Still my .32-20 adventures have not ceased. Anyone with a single action .32-20 always wants a companion lever gun. I bought a Cimarron/Uberti Model 1873 saddle ring carbine. Upon arrival, I quickly loaded the magazine with some of my handloads only to sit for a bit while every single one was laboriously fished back out the loading gate. They were too long to feed from the tubular magazine. Winchester lever guns, Models 1873, Models 1892 or replicas thereof, require an overall loaded cartridge limit of 1.592″. My handloads measured over 1.60″. The bullets I had cast couldn’t just be seated deeper, for without a good crimp, magazine spring pressure forces bullets back into cases — not a good thing in any manner.

So back to MP Molds I went for their #640-100HP set of four cavity brass blocks with the HP pin arrangement. It was quickly in my hands with cast bullets falling at 0.314″ weighing 100 grains as HPs and 105 grains as solids. So far I’ve just loaded them over the above charges of Bullseye and Titegroup. Both bullets are accurate from the lever gun and perhaps even more accurate than the heavier bullets from the revolvers. In fact, the lighter bullets brings the 5 ½” barrel’s point of impact almost perfect to point of aim.

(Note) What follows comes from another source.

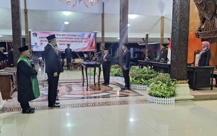 Beritabersatu.com, Blitar – Bupati Blitar, Drs. H. Rijanto, MM, melantik dan mengambil sumpah/janji Jabatan Pimpinan Tinggi (JPT) Pratama di lingkungan Pemerintah Kabupaten Blitar. Acara digelar khidmat di Pendopo Ronggo Hadinegoro, Kamis 13 November 2025 malam, dan dihadiri jajaran Forkopimda, Ketua DPRD, Sekda, para kepala perangkat daerah, camat, serta pejabat yang dilantik.

And I’m still not through. Remember, I said this article is about a .32-20 trifecta. Another 3rd Generation .32-20 popped up on the Internet. I instantly knew it had to be mine as it wore the 4 ¾” barrel to complete my trifecta of 3rd Generation .32-20s. I only had it for a few days before the Montana winter set in but 100 rounds through it indicated it might possibly be the most accurate of the three, and it darn sure shoots to its sights.

I slugged its bore and measured chamber mouths and they are right on at 0.310″ for barrel grooves and chamber mouths. Interestingly, a note came with the Colt signed by Ken Hackathorn, a respected writer, saying this .32-20 was from his collection. I’ve never met Mr. Hackathorn but can attest he takes good care of his firearms. This one was in 99%-plus condition and was made in 2005.

As said, I tend to jump into things with both feet, so be aware I also landed a very fine condition Winchester Model 92 saddle ring carbine in .32-20. So far, only a measly six rounds were fired from it out the back door during a lull in a snow storm. I think it’s going to be a keeper to go with my trifecta of Colt SAAs.